Modeling the Pacific: Oceanic Research in Science, Technology, and the Humanities
Christina Vagt, Germanic and Slavic Studies
Wolf Kittler, Germanic and Slavic Studies
This international conference brings together scholars from humanities and sciences to discuss the history and function of measuring and modeling techniques for the scientific study of oceans, in general, and of the Pacific Ocean, in particular, and to connect the scientific mode of dealing with oceans and marine life with approaches from media studies, history of science, and literature. It is a cooperation with the Institute for Advanced Studies in Media Cultures of Computer Simulations (MECS) in Lüneburg, Germany.
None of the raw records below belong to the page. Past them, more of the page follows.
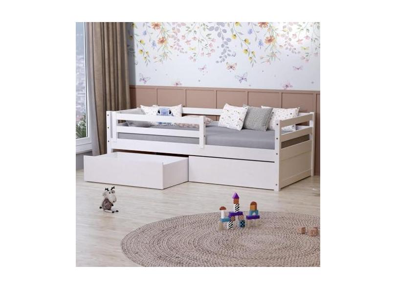 Cama Solteiro Dreams com 02 Gavetas e Grade de Proteção Madeira Maciça Branco Megamobilia
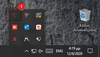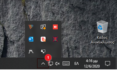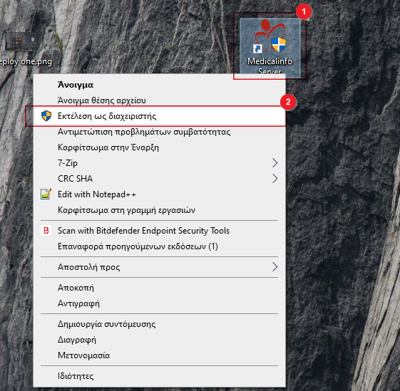 Πρώτα ελέγξτε αν ο Server της εφαρμογής ''λειτουργεί'' ήδη. Στο system tray των Windows πατήστε το βελάκι ^ (1). Αν δεν υπάρχει το εικονίδιο του MedicalInfo, όπως στην εικόνα, τότε ο Server της εφαρμογής δεν ''λειτουργεί''.  Πατήστε δεξί κλικ στο εικονίδιο Medicalinfo Server(1) και επιλέξτε Εκτέλεση ως διαχειριστής(2). Πατώντας ξανά στο system tray των Windows θα δείτε το εικονίδιο του Medicalinfo Server(1) Προσοχή! Η παραπάνω εργασία πραγματοποιείται σε περίπτωση που κάνει επανεκκίνηση ο Η/Υ στον οποίο ειναι εγκατεστημένος o Server και αν μας εμφανιστεί μήνυμα στην εφαρμογή ''Αδυναμία σύνδεσης με τον απομακρυσμένο διακομιστή'', αν μετά το συγκεκριμένο μήνυμα διαπιστώσετε ότι ο Server ''λειτουργεί'' σημαίνει ότι το πρόβλημα δημιουργείται από άλλη λειτουργία ή εφαρμογή π.χ. Firewall των Windows. Σε αυτή την περίπτωση θα πρέπει να επικοινωνήσετε με τον διαχειριστή του δικτύου σας.
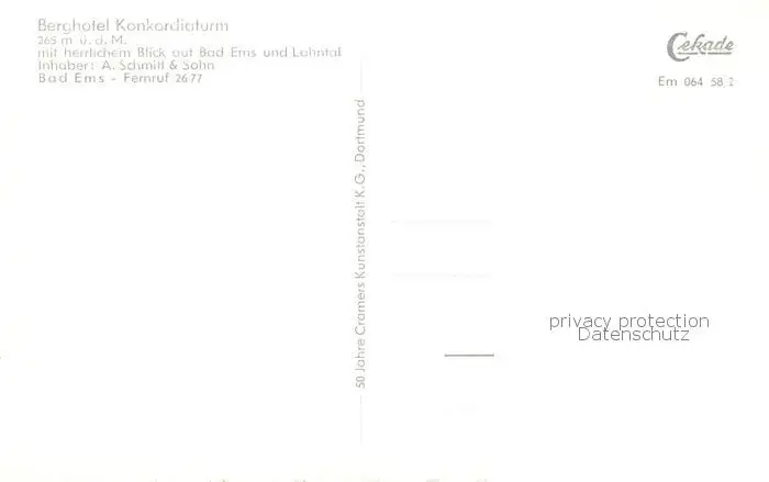 73810828 Bad_Ems_Lahn Berghotel Konkordiaturm Terrasse Panorama Bad_Ems_Lahn postalisch nicht gelaufen 1921-1965 Erhaltung siehe scans [WerneD78] [WernPID7 ]
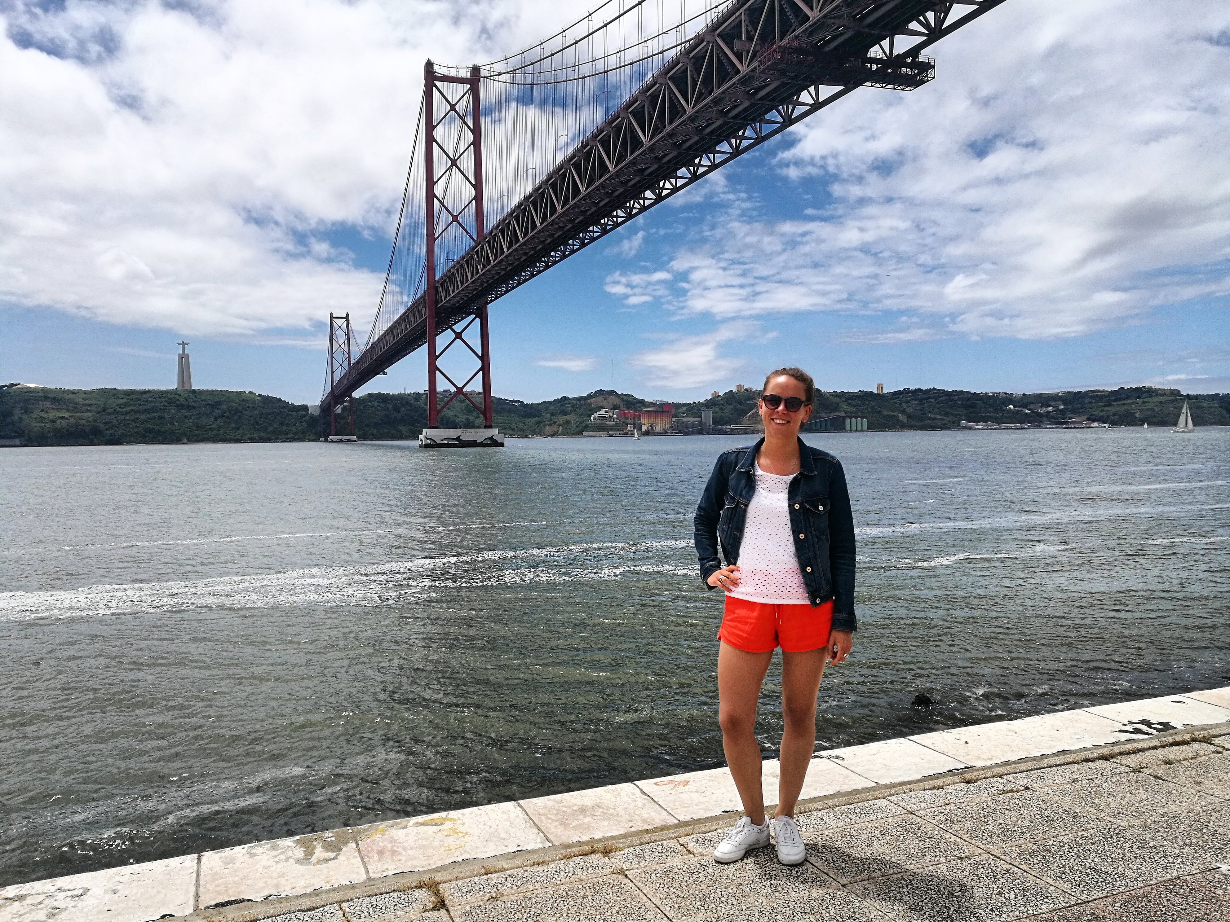 Op mijn laatste dag heb ik mij aangemeld voor fietstour met Baja Bikes, lekker hollands! ’s Ochtends om 10.00 uur verzamelen we en gaan we onder begeleiding van een Nederlandse gids de stad verkennen. Ik hoop natuurlijk dat ik andere plekken ga zien dan waar ik al geweest ben. En ja hoor ik heb geluk, want met de fiets en een tour van bijna 4 uur kom je wel degelijk langs andere spots. Zo maken we een stop voor de Ponte 25 de Abril, één van de bekendste bruggen van Lissabon. Deze brug wordt ook wel de San Francisco brug genoemd. Op de een of andere manier vind ik deze brug fantastisch dus misschien moet ik mij toch maar eens gaan verdiepen in een trip naar Amerika. We fietsen tijdens deze tour veel langs rivier de Taag en tijdens de tour raak ik aan de praat met een meisje die net als ik ook alleen reist. Nog voordat de middag is aangebroken worden we door onze gids getrakteerd op een Ginja, een typisch Portugees drankje. Benieuwd hoe dit smaakt? Waag dan zeker een slokje als je in Lissabon bent! We vervolgen onze tour en eindigen uiteindelijk in de buurt van Torre de Belém. Dit is een verdedigingstoren aan de oever van de rivier de Taag in Belém, een voorstad van Lissabon.
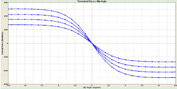 All I've heard so far is, wider wheels are faster! Well, they are. The slight stretch increases cornering stiffness of the tire. If you look at the tire slip angle curve below (slip angle on x-axis, lateral force on y-axis), there is the region that is linear (from 0 to a some small slip angle). Being able to see the values on the graph doesn't matter, because depending on the tire size/compound/etc could range from 2 degrees to 13. Cornering stiffness measures the slope of that linear portion as it crosses the graphs origin. Increasing cornering stiffness may not increase peak force (though sometimes it does!), but more importantly it makes the tire build force faster (increasing response), and overall nets a greater area under the curve.
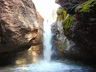 Peteetneet Creek was a good camping spot on the Mormon Road, a Mormon pioneer and 49er wagon route between Salt Lake City, Utah and Los Angeles, California.[3] The Latter-day Saints first settled in Payson in 1850.[4] After improvements were made to the Mormon Road wagon route in 1855, it had become what was known as the Los Angeles - Salt Lake Road. This was a wagon freight route used each year from late fall through winter into early spring, between Southern California and Utah, isolated by the winter snows in the Sierra Nevada Mountains from San Francisco and by the Rocky Mountains from the rest of the United States to the east. This route remained the only winter season route to the outside world until the railroad arrived in Utah in the late 1860s.[5]: 2, 172–178
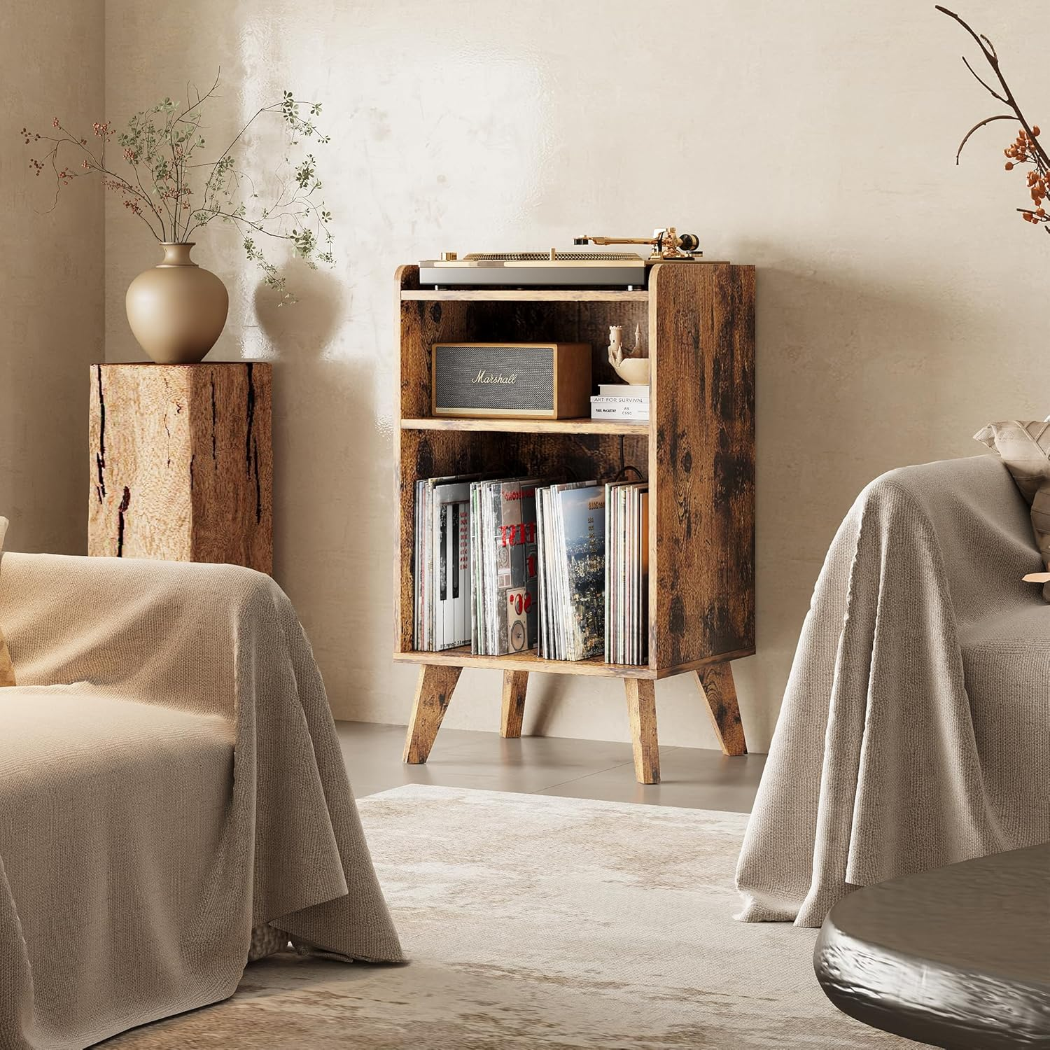 Wooden Record Player Stand with 200 LP Storage and Display Shelf
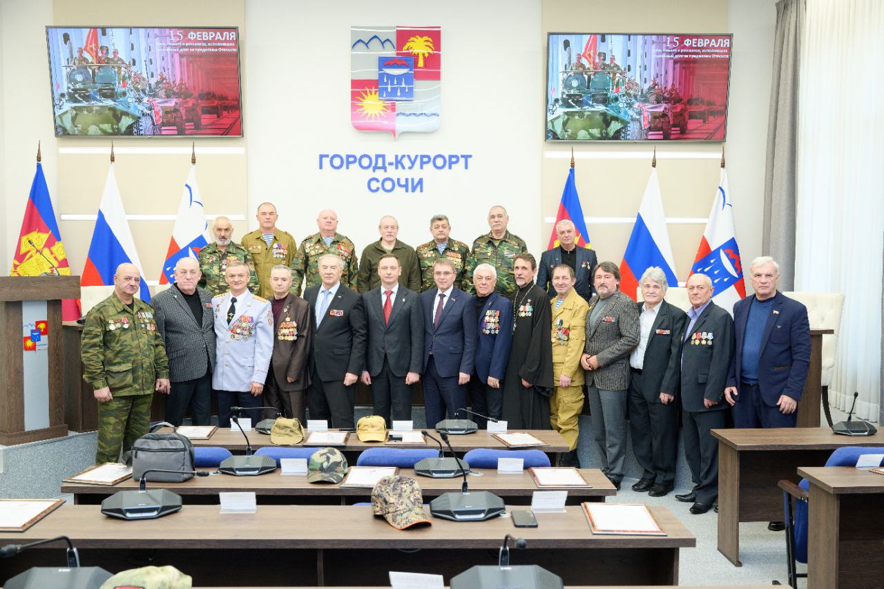 В рамках мероприятия состоялось вручение наград. Благодарственные письма главы города и Городского собрания Сочи получили активисты и руководство местного отделения «Общероссийского Союза ветеранов Афганистана и специальных военных операций». Их отметили за весомый вклад в патриотическое воспитание подрастающего поколения, подготовку молодежи к военной службе, а также за активное участие в организации помощи ветеранам боевых действий, инвалидам и их семьям.
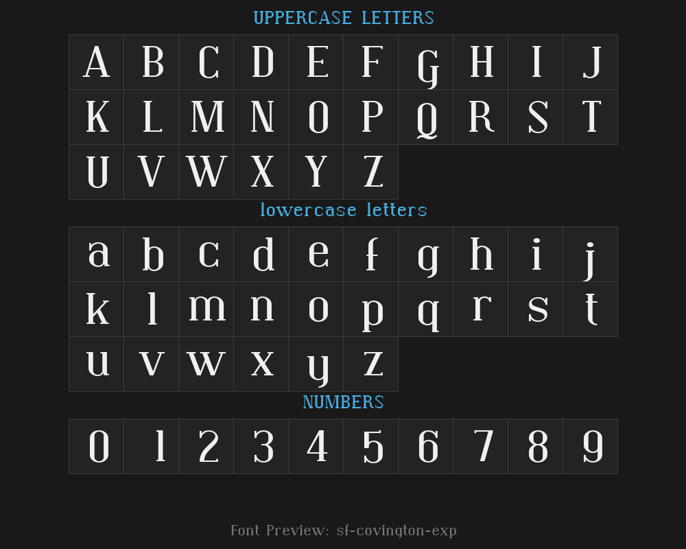 sf-covington-exp is a font file with a size of 0.08 MB. The full font name is SF Covington Exp, Version 1.1 version. It contains 223 characters, supports 8 Chinese characters. The copyright belongs to SF Covington Exp. sf-covington-exp font is available for free download, but commercial use requires confirmation on the SF Covington Exp official website whether it's free for commercial use.
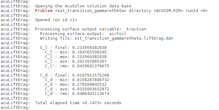 AcuLiftDrag is a utility script used to calculate the lift and drag coefficients for an airfoil.
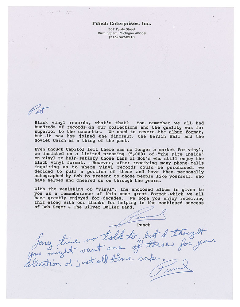 Scarce The Fire Inside album signed on the front cover in black felt tip by Seger. In fine condition, with light corner creasing. The record is included. Accompanied by a letter from Punch Enterprises explaining the release of this album in a limited pressing of 5,000, a small number of which were set aside to be signed by Seger for his fans.
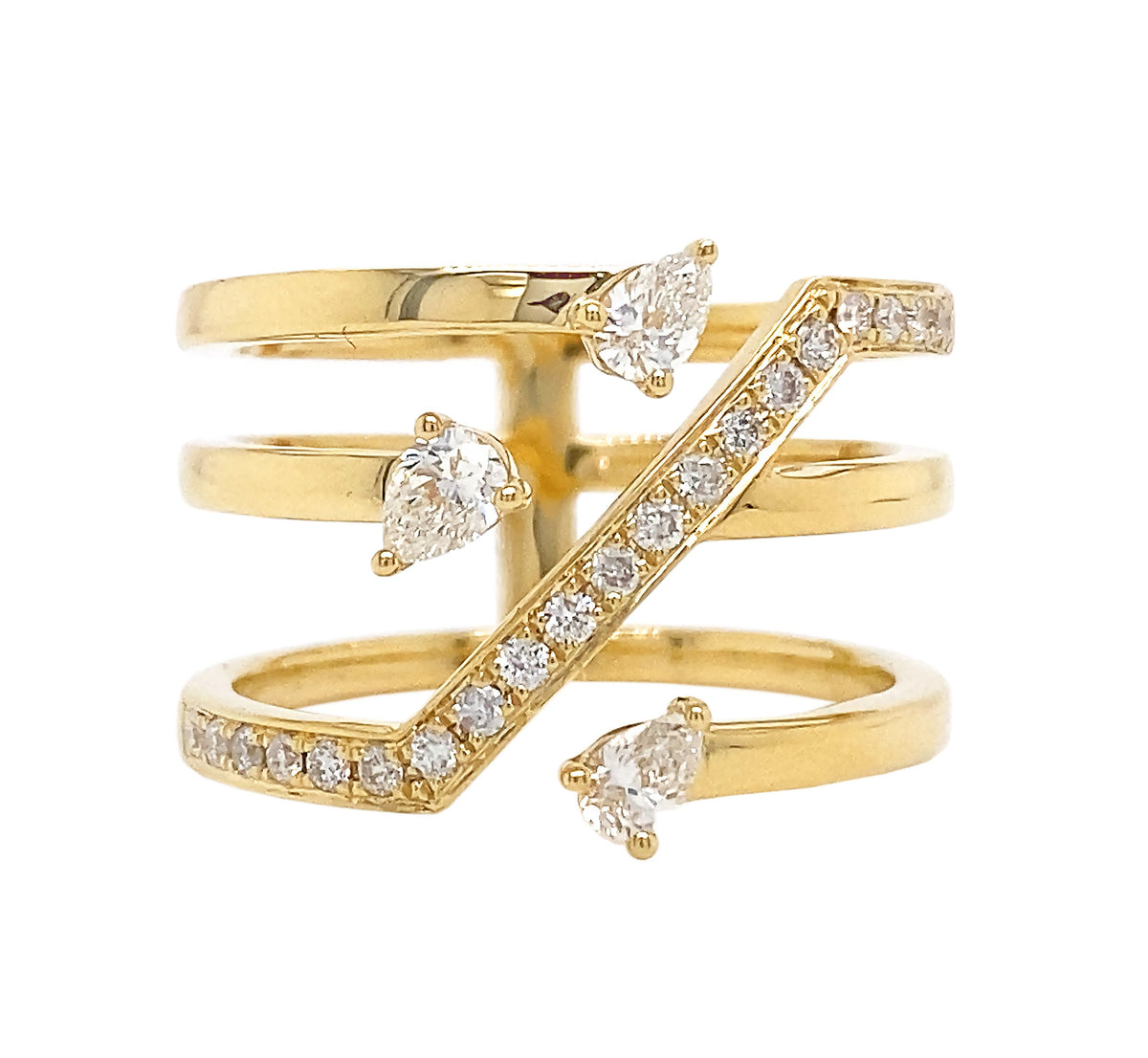 18kt yellow gold micro pave set round brilliant diamond and 3 prong set pear diamond criss-cross ring.
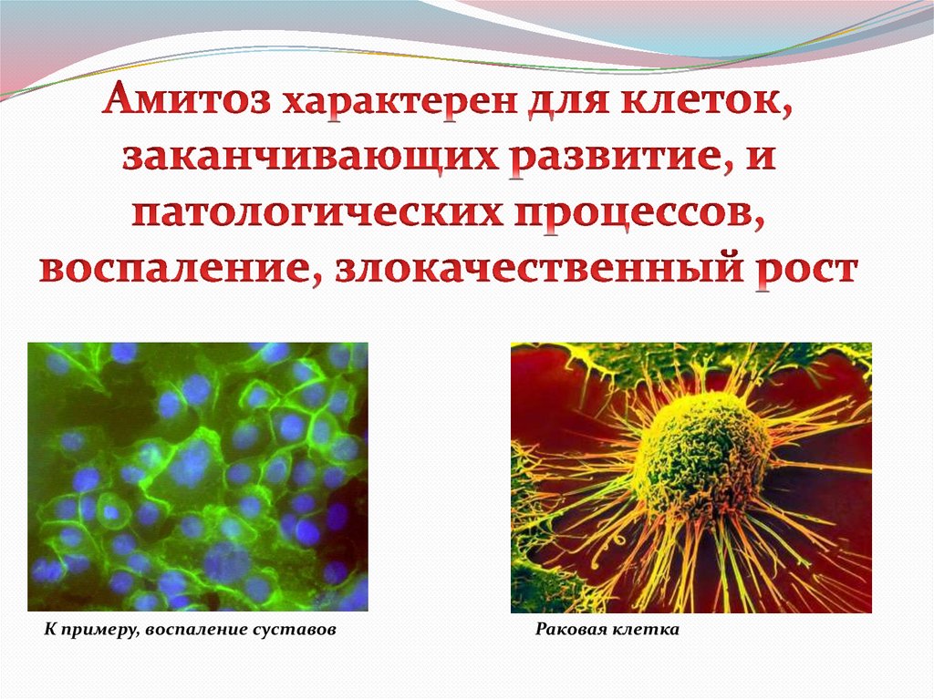 - не образуется веретено деления;- ядро делится перетяжкой;

Timely Intersections: Black Histories on the Page and Stage
Christina McMahon, Theater and Dance
Stephanie Batiste, English and Black Studies
To commemorate the Theater Department’s stage adaptation of the Civil Rights-themed middle-grade novel, Watsons Go to Birmingham – 1963, we are organizing an interdisciplinary symposium to explore the complexities of adapting Black histories to the page and stage. As both literature and theater have advanced causes of Black liberation across historical eras and genres, we will consider creative adaptations of Black (hi)stories as both conduit for social change and mode of education. We also ask how intersections of Black histories, performance, and literature might forward education and critical thought about Black liberation causes as both crucible of national violence and world-shaping revolution.
Collaborative Arts Teaching Program Award
For community-engaged visual and performing art projects housed within UCSB courses.
Opera Outreach: Lucinda, a Children’s Opera
Isabel Bayrakdarian, Music
“Opera Outreach” is a course offered annually in the Department of Music as MUS A139/A239 and taught by Dr. Isabel Bayrakdarian. It involves the preparation of operatic scenes (sung in English) and performed at various high schools and elementary schools in the Santa Barbara area. In Fall 2019, a new initiative will involve bringing Grade 5 and Grade 6 students from various elementary schools in the Goleta Union School District to attend live matinee performances of the children’s opera, Lucinda y las Flores de la Nochebuena (composed in 2016 by Evan Mack), performed at UCSB’s intimate Karl Geiringer Hall in the Department of Music. Based on the Mexican folk tale, Lucinda y las Flores de la Nochebuena tells the story of how the poinsettia became a meaningful symbol of the holiday season. Written in a combination of English and Spanish, this lovely holiday opera transcends religious preference with its strong message of courage, hope, and transformation. This initiative will not only empower the students to identify and celebrate their inner strength, but it will also introduce them to opera, which is an art form that they probably have not experienced live. One soiree performance is also being planned for the general community (UCSB faculty, students, friends and family).